Учителя для дворянской молодежи, приехавшие из-за рубежа, получали в разы больше, чем местные педагоги. Гувернантка за пять-семь лет работы в знатной семье могла скопить состояние, которое позволяло ей у себя в Англии приобрести домик и выйти замуж. А иностранные актрисы, которых брали на содержание русские князья, возвращались во Францию и Италию, увешанные драгоценностями. Художница Виже-Лебрен ни минуты не сидела без заказа. Кажется, она написала все высшее общество за те годы, что провела в России. Почему? Потому что была француженкой, модной при дворе гильотинированного короля, и за Виже-Лебрен тянулся романтический шлейф дружбы с Марией-Антуанеттой. Русский дворянин охотно платил за антураж и возможность «прикоснуться к вечности». К слову, портрет мастерицы вроде Элизабет Виже-Лебрен – удовольствие весьма дорогое. А ведь к ней выстраивались в очередь! А была еще Англеика Кауфман, в царствование Александра I – Джордж Доу, который написал портреты героев 1812 года. Справедливости ради в помощь Доу дали двух талантливых крепостных художников. И сейчас весьма трудно сказать, какие работы, украшающие Эрмитаж, сделаны рукой английского мастера, а какие – результат труда его «подмастерьев». Учитывая, насколько колоссальным был заказ, верится с трудом, что Доу выписывал все самостоятельно. И да, он работал за весьма щедрое вознаграждение!
Каретных дел мастера, производители мыла, шляпницы, часовщики, егеря, стеклодувы, обивщики мебели, торговцы всем подряд, даже гадалки – все они находили приют в новой императорской России и оплачивались щедрым дворянством. Невидимый налог в действии! Казалось бы, Петр и не вводил такого. Он просто указал, что жить надо по-новому. И эта новая реальность потребовала очень больших ресурсов.
Глава 5. Столичные дома
Начав строить новую столицу, Петр I подразумевал, что весь цвет русского дворянства переберется на берега Невы. Город начался с Петропавловской крепости, заложенной 28 мая 1703 года (по новому стилю), а дальше он начал расширяться. Потянулись мосты через Кронверкский пролив, появились форты, а настоящим первым городским зданием считается домик Петра на Березовом острове. Совсем простой, возведенный только за 3 дня, он мало напоминал роскошные дворцы знати, которые появились много позже.

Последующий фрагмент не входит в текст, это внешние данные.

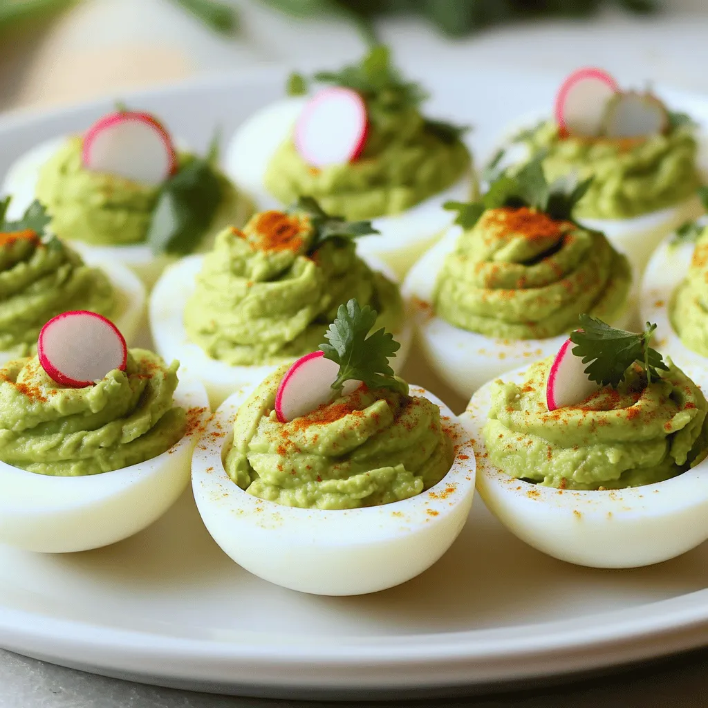 To make Avocado Deviled Eggs, you'll need a few simple ingredients. Here’s the list: - 6 large eggs - 1 ripe avocado - 2 tablespoons Greek yogurt - 1 tablespoon Dijon mustard - 1 tablespoon lime juice - 1/2 teaspoon garlic powder - 1/4 teaspoon smoked paprika - Salt and pepper to taste - Fresh cilantro for garnish (optional) - Sliced radishes for decoration (optional) These ingredients blend together to create a creamy, flavorful filling. The ripe avocado adds a rich texture and healthy fats. Greek yogurt gives a tangy note and keeps it light. Dijon mustard and lime juice add a zesty kick. Garlic powder and smoked paprika bring depth to the flavor. You can choose to garnish with cilantro and radishes to make your dish pop. Enjoy each bite as a healthy, tasty treat! For the full recipe, follow the steps to make these delicious snacks. Start by placing the eggs in a saucepan. Fill it with water so the eggs are covered by about an inch. Turn the heat to high and bring the water to a boil. Once boiling, cover the pan and take it off the heat. Let the eggs sit for 9 to 12 minutes. Use 9 minutes for creamy yolks and 12 minutes for firmer ones. After the time is up, move the eggs to a bowl of ice water. This stops the cooking and cools the eggs for easy peeling. Let them sit in the ice water for about 5 to 10 minutes. Once the eggs are cool, gently tap them to crack the shells. Peel the eggs under running water; this helps a lot. Cut each egg in half lengthwise. Carefully remove the yolks and place them in a mixing bowl. Now, add the ripe avocado, Greek yogurt, Dijon mustard, lime juice, garlic powder, smoked paprika, salt, and pepper to the yolks. Use a fork to mash everything together until it’s smooth and well mixed. This filling is where the flavor and nutrition come alive! Now it’s time to fill the eggs! Spoon or pipe the avocado mixture back into the hollowed egg whites. Fill them generously for a tasty bite. For a bit of flair, sprinkle extra smoked paprika on top. If you like, you can also garnish with fresh cilantro and slices of radish. This adds color and a bit more flavor. Enjoy your healthy and delicious avocado deviled eggs, packed with flavor and nutrition! You can find the full recipe to guide you through this process. To cook perfect eggs, start with cold water. Place the eggs in a pot. Cover them with water, about one inch above the eggs. Bring the water to a boil. Once it boils, cover the pot and remove it from the heat. Let the eggs sit for 9 to 12 minutes. If you want creamy yolks, choose 9 minutes. For firmer yolks, go for 12 minutes. After time is up, cool the eggs in ice water for 5 to 10 minutes. This stops the cooking and makes peeling easier. If you have leftover avocado deviled eggs, store them in the fridge. Use an airtight container to keep them fresh. Place a piece of plastic wrap over the eggs to reduce air exposure. They stay good for up to two days. After that, the avocado may brown, so enjoy them soon! You can switch up the recipe with different ingredients. If you want a vegan option, replace the egg yolks with blended chickpeas. Use tahini instead of Greek yogurt for creaminess. You can also add spices like cayenne for heat. Try other herbs too, like dill or chives, for new flavors. Mix and match to find your favorite taste! For the full recipe, check the details above. {{image_2}} To spice things up, add some heat to your avocado deviled eggs. You can mix in a teaspoon of hot sauce or some finely chopped jalapeños. This adds a nice kick. If you want more flavor, consider adding some cayenne pepper or chili powder. These spices give a warm, zesty taste. You can also top the eggs with sliced jalapeños for extra crunch and heat. For a Mediterranean twist, add some chopped olives and sun-dried tomatoes. These ingredients bring rich, savory flavors. You can swap Greek yogurt for creamy feta cheese. This gives a tangy taste that pairs well with avocado. To finish, sprinkle some fresh herbs like dill or parsley on top. This makes your dish colorful and fresh. To make these eggs vegan, skip the eggs and use tofu. Silken tofu works best for a creamy texture. Blend it with avocado, lime juice, and spices from the base recipe. This creates a rich filling without using eggs. You can add nutritional yeast for a cheesy flavor. Serve with a sprinkle of paprika for color. This version is healthy and perfect for plant-based diets. For the full recipe, check the details above. Store your avocado deviled eggs in the fridge. Use a sealed container to keep them fresh. They taste best when eaten within three days. If you want to keep them longer, separate the filling from the egg whites. This helps maintain texture and flavor. For longer storage, freeze the filling. Place it in an airtight container or a freezer bag. You can keep it frozen for up to a month. When ready to use, thaw it in the fridge overnight. Then, fill your egg whites just before serving. To keep your eggs fresh, avoid adding the garnish until serving time. This keeps the presentation nice and prevents sogginess. If you notice browning on the avocado filling, add a splash of lime juice. This keeps the color bright and appetizing. Always check for any off smells before eating. If something seems off, it's best to toss it. Enjoy your avocado deviled eggs while they're fresh! To stop the avocado from turning brown, use lime juice. It has citric acid that slows oxidation. When you mix it with the avocado, the color stays bright. Cover the mixture with plastic wrap. Press it tightly against the surface to keep air out. This helps keep it fresh longer. Yes, you can make this recipe ahead of time. Prepare the filling and store it in the fridge. Keep it in an airtight container to avoid browning. You can also boil the eggs a day before. Just fill them with the avocado mixture when you are ready to serve. If you don’t have Greek yogurt, use sour cream instead. It adds a nice tang and creaminess. You can also u

И Москва не сразу строилась, и Санкт-Петербург. Только с 1710 года постепенно началась регулярная застройка. Указы государя следовало выполнять: тысячи дворянских и купеческих семей должны были переселиться на новую землю. Петр поощрял строительство в своей возводимой столице. Когда княгиня Анастасия Голицына, его приятельница по ассамблеям, пожаловалась, что у нее не хватает денег на хозяйство, то предусмотрительно упомянула, что занимается постройкой сразу четырех городских усадеб: для двух подрастающих сыновей, для самой себя и для супруга, с которым они живут раздельно. Конечно же, государь не оставил это без внимания и «помог» Голицыной средствами из казны.
Дерево, из которого традиционно строились русские города, в Петербурге в качестве основного материала даже не рассматривалось. Пожары пугали Петра Первого. Так что Петербург должен был стать первым полностью каменным городом (разумеется, на 100% добиться этого не удалось, и в столице тоже случались пожары. Наиболее страшными стали те, что произошли в 1736-м и 1737 годах). Поскольку доставать камень было тяжелее, да и кирпич еще делали с большим «скрипом», император на целых четырнадцать лет – с 1714-го по 1728 год – запретил каменное строительство еще где-либо, кроме Петербурга. Все силы были брошены на новый город. В 1712 году столицей официально объявили именно Петербург, и проживали в нем тогда уже 8 тысяч человек.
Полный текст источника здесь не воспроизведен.